→ **Activity**:
The output should be the listing below, limited to the lines from the one with "Diante do flagrante" through the one with "Refresh availabilityAzul Black", exact and without pictures.

→ **Supplied data**:
====

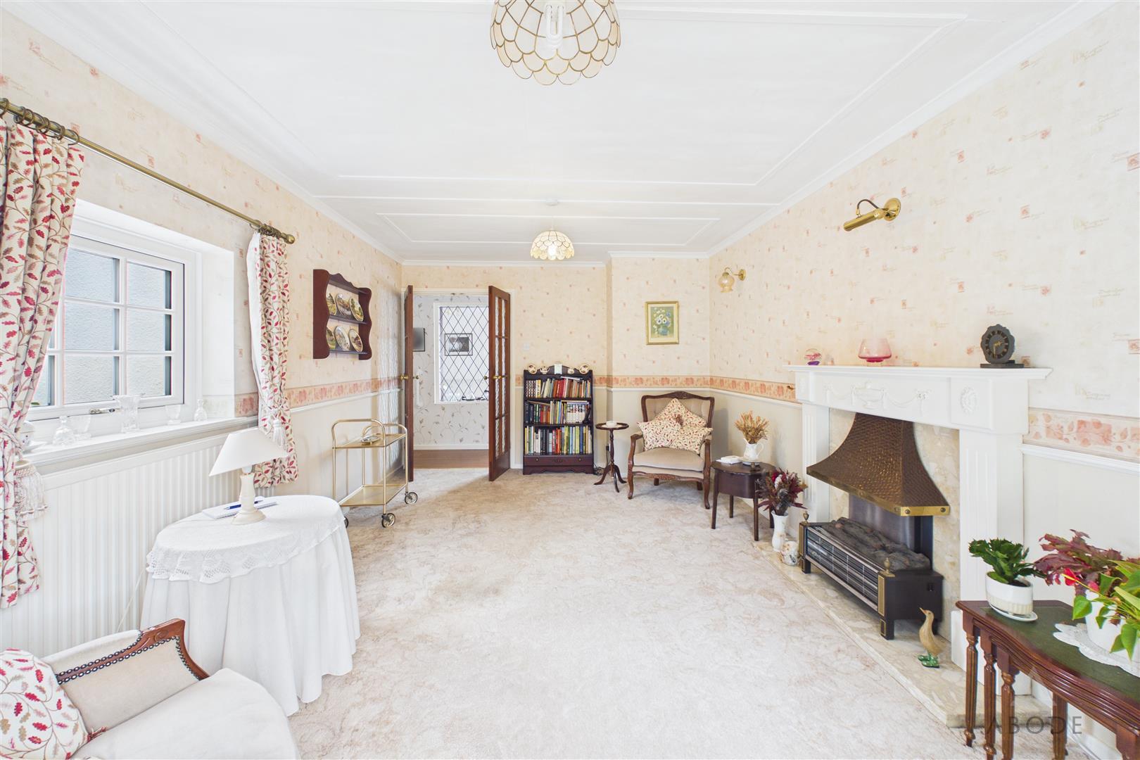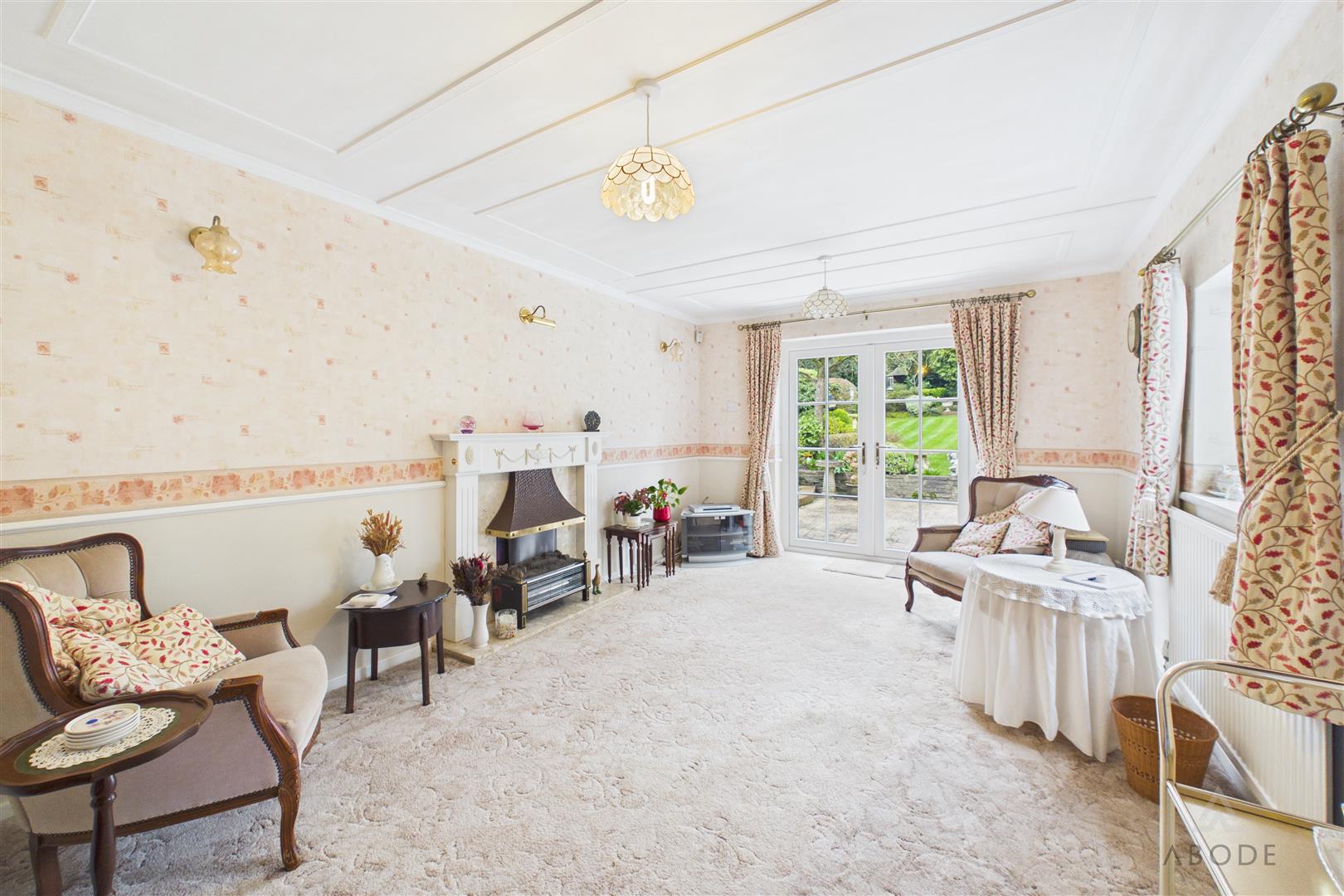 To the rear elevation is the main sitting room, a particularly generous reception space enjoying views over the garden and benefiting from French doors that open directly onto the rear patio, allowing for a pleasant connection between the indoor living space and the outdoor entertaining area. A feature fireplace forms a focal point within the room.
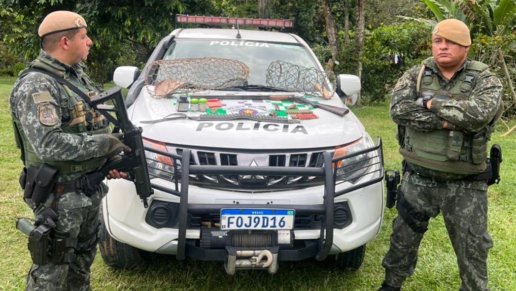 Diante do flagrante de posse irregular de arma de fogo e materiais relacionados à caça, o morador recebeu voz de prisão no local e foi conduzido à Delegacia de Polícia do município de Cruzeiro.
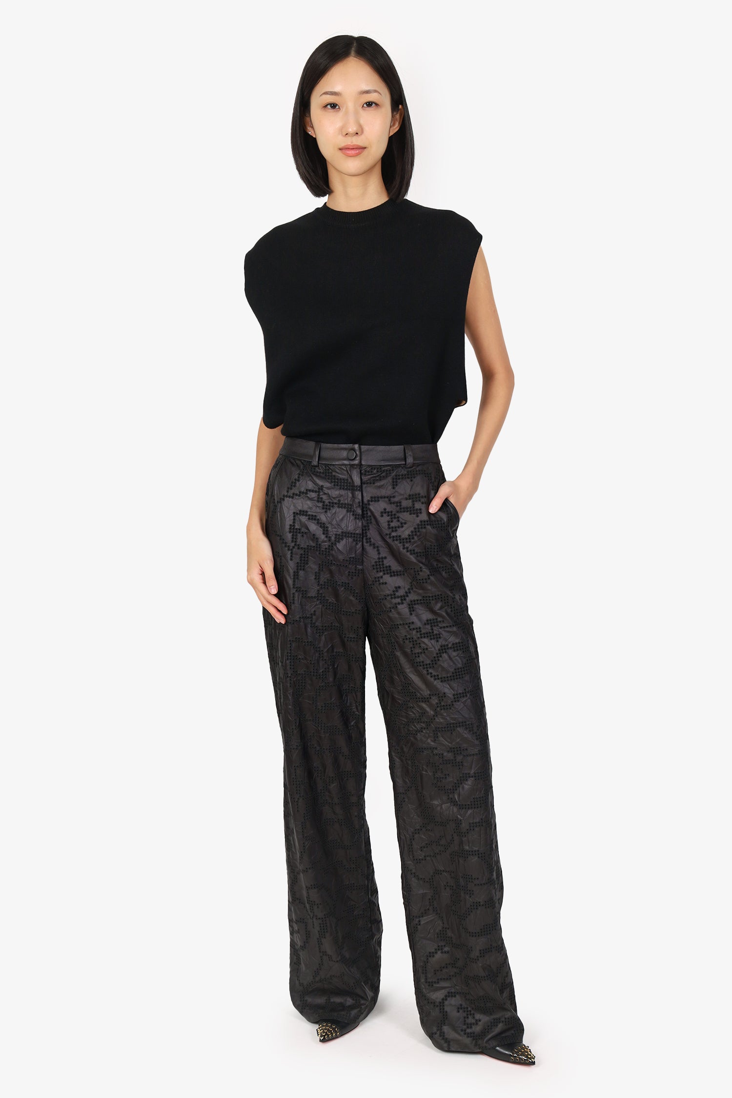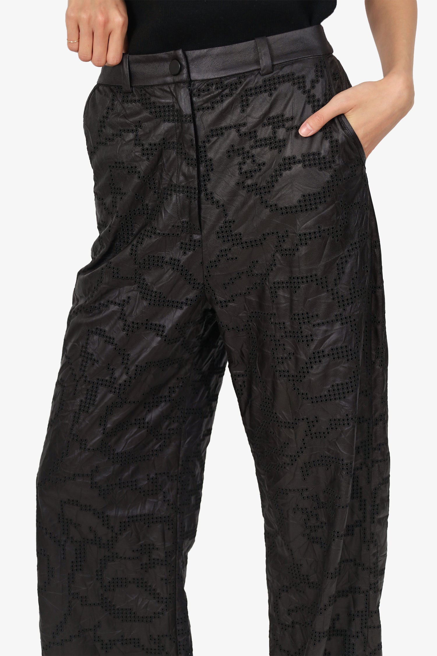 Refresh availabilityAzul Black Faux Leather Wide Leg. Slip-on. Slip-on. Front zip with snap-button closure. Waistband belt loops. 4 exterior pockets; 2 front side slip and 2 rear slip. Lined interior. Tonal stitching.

====

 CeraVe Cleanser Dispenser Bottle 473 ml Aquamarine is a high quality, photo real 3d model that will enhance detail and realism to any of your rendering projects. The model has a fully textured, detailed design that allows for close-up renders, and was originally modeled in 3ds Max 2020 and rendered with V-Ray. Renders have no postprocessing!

====

→ **Solution to the exercise**:
 Diante do flagrante de posse irregular de arma de fogo e materiais relacionados à caça, o morador recebeu voz de prisão no local e foi conduzido à Delegacia de Polícia do município de Cruzeiro.
 Refresh availabilityAzul Black Faux Leather Wide Leg. Slip-on. Slip-on. Front zip with snap-button closure. Waistband belt loops. 4 exterior pockets; 2 front side slip and 2 rear slip. Lined interior. Tonal stitching.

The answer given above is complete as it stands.